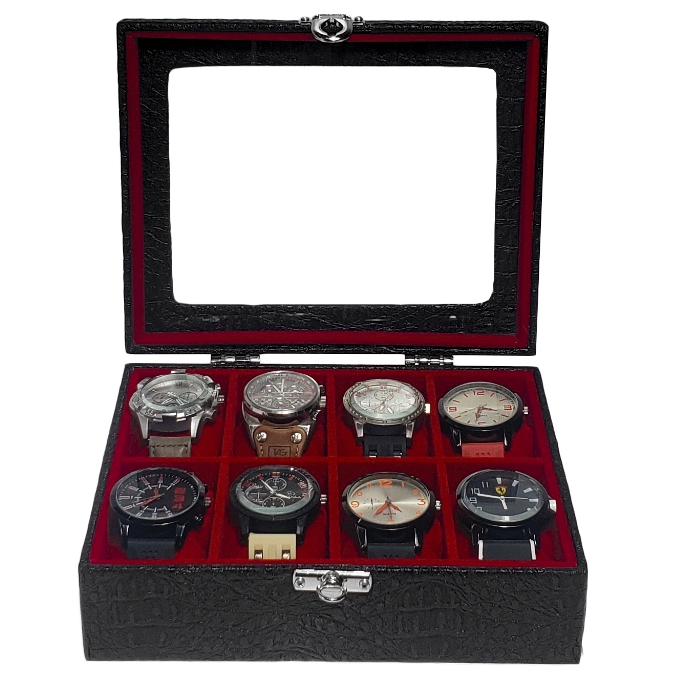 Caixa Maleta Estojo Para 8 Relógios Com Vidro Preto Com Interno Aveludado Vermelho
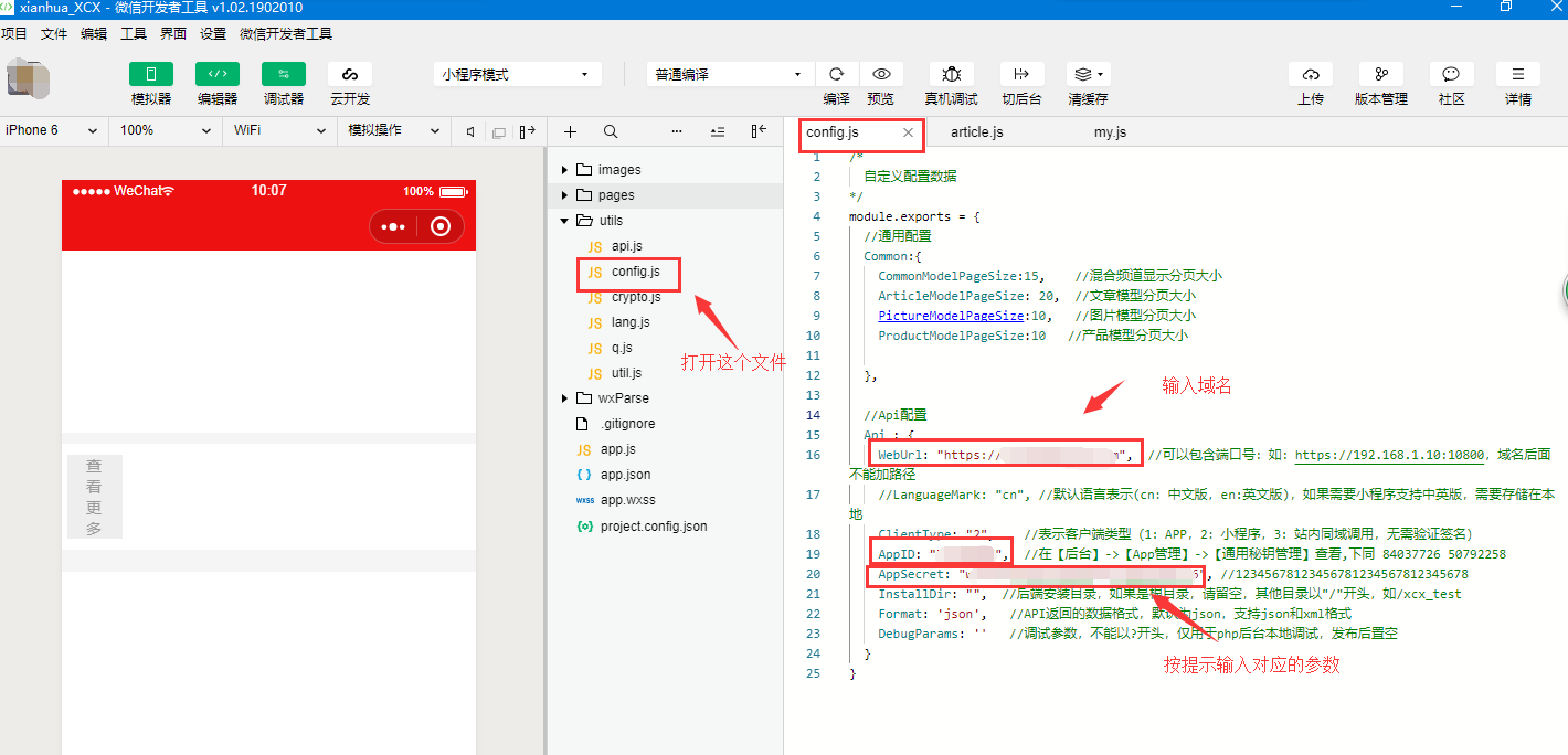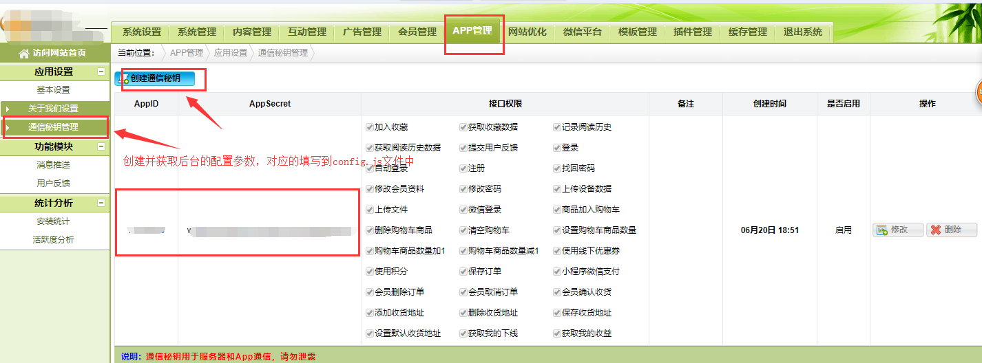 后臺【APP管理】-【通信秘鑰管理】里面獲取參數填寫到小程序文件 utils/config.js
--------------------------------
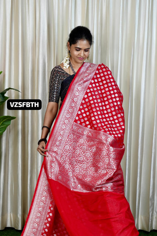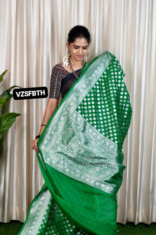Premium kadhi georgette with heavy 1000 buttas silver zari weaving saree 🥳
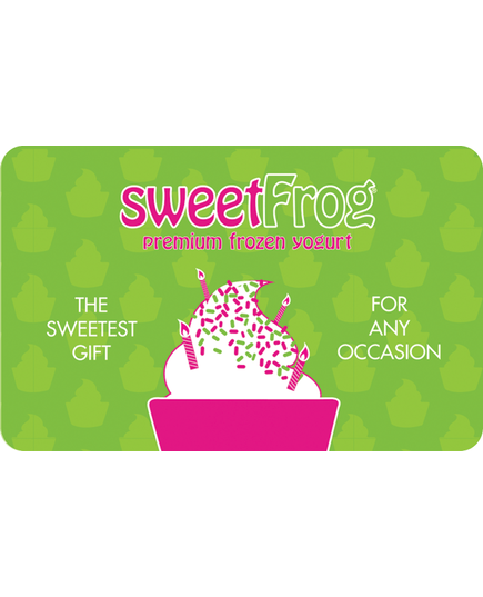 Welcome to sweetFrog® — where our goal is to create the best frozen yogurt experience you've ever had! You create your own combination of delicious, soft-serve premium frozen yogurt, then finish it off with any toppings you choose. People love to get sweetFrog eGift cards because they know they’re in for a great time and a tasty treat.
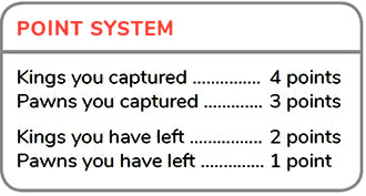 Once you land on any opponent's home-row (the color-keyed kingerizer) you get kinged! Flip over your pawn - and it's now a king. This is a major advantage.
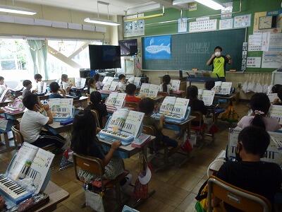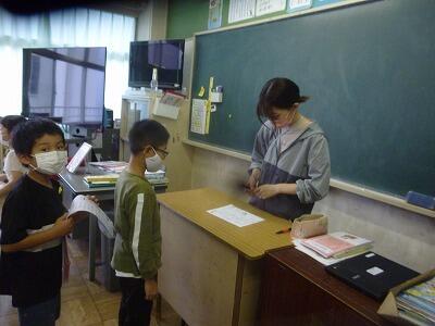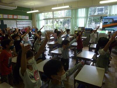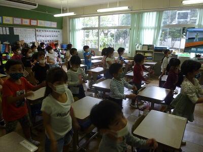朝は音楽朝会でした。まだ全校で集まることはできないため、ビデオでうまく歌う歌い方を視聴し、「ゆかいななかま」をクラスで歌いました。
--------------------------------
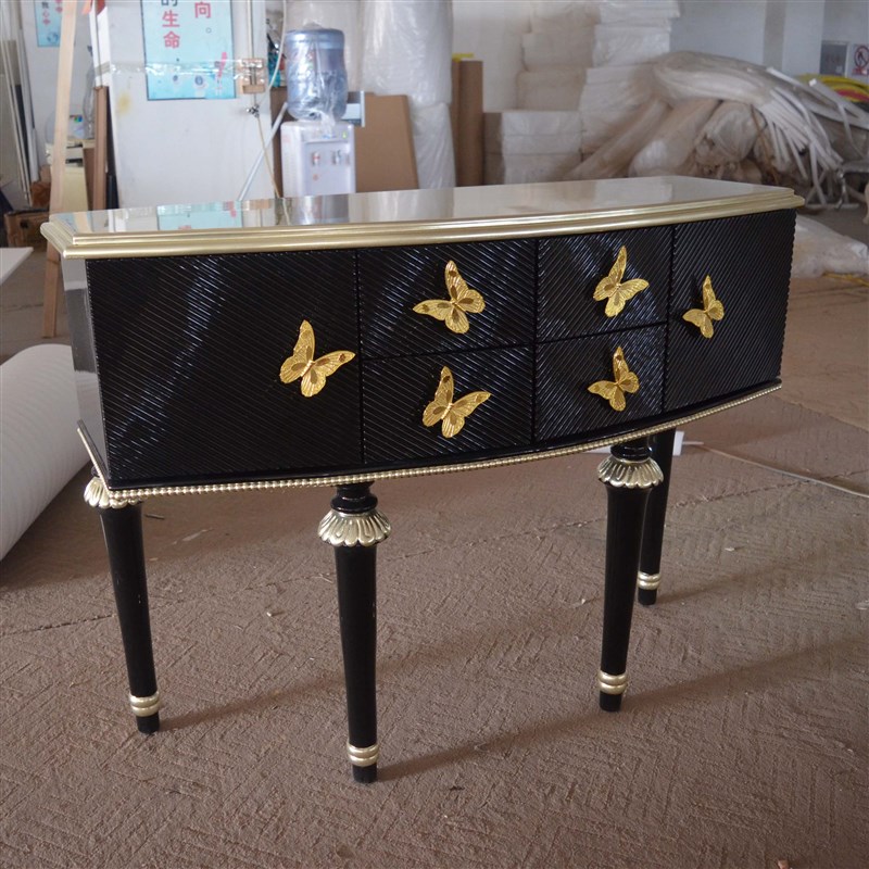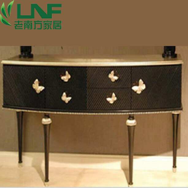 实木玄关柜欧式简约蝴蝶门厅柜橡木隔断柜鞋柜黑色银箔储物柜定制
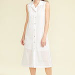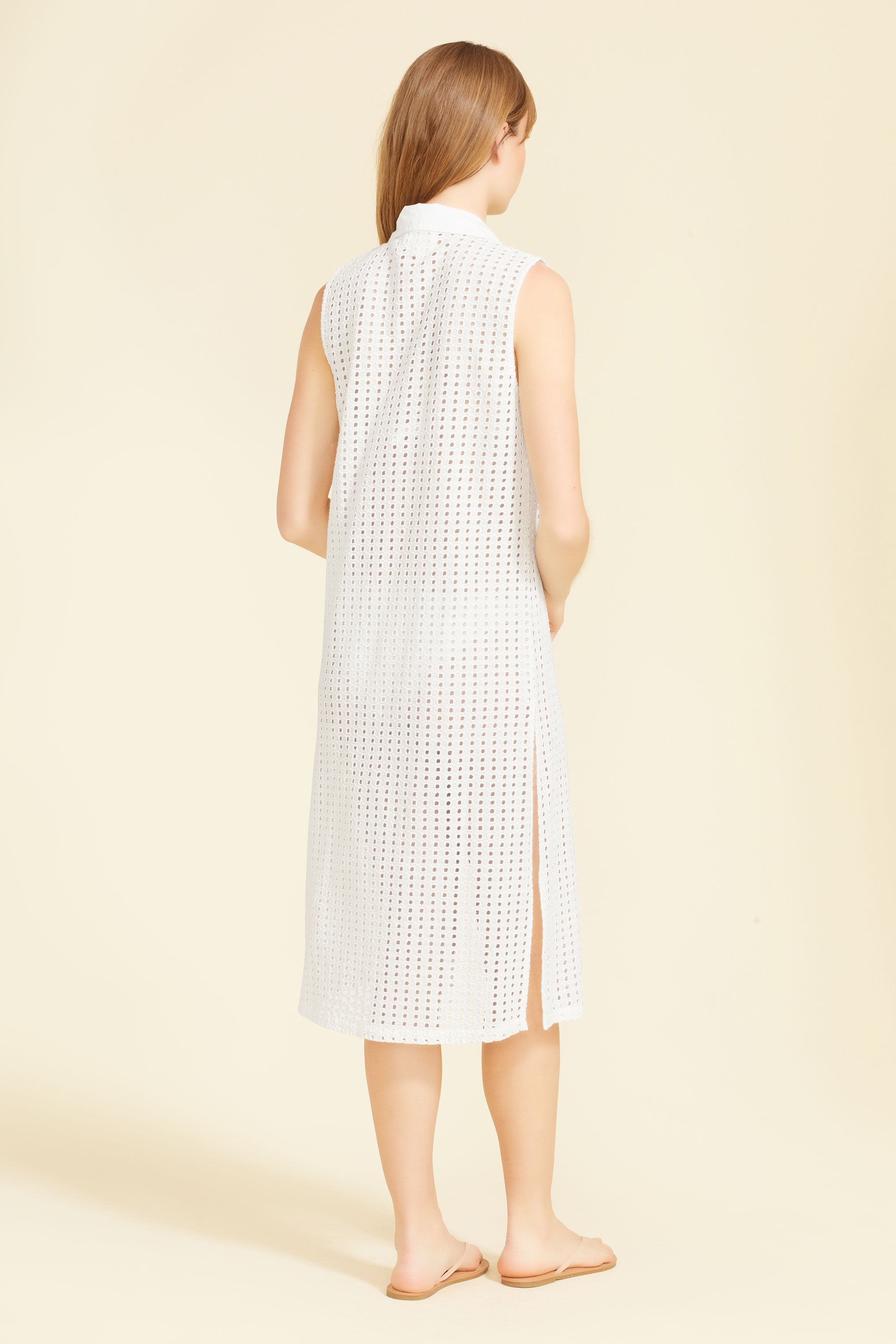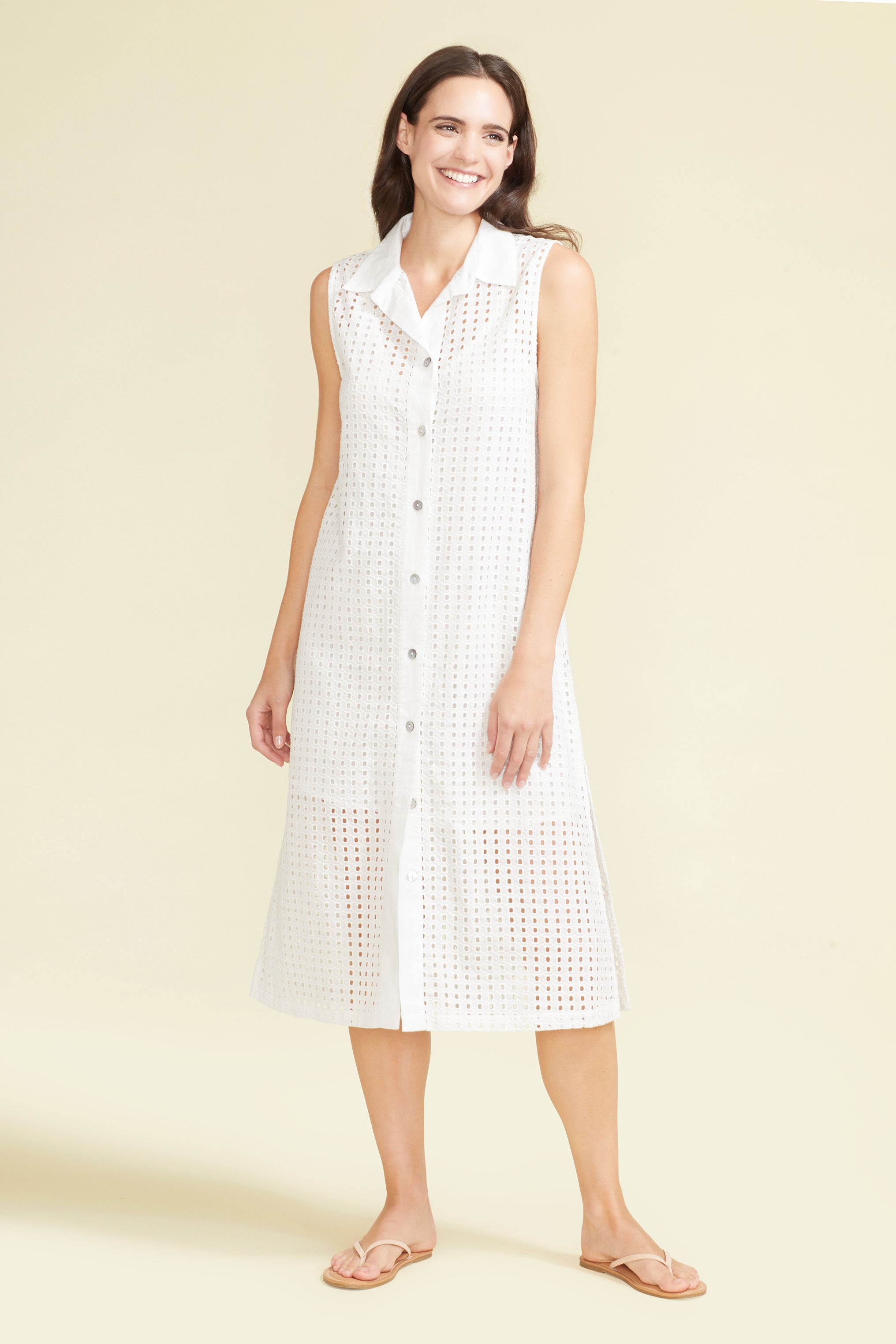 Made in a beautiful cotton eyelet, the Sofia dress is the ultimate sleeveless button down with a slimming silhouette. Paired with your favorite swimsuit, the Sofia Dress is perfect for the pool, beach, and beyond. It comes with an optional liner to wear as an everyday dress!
--------------------------------
== WHAT THIS TASK INVOLVES ==
From the records above, return exactly the lines running from the one that contains "Caixa Maleta Estojo" down to the one that contains "后臺【APP管理】-【通信秘", both included, without any pictures.

== RESPONSE TO THIS TASK ==
 Caixa Maleta Estojo Para 8 Relógios Com Vidro Preto Com Interno Aveludado Vermelho
 后臺【APP管理】-【通信秘鑰管理】里面獲取參數填寫到小程序文件 utils/config.js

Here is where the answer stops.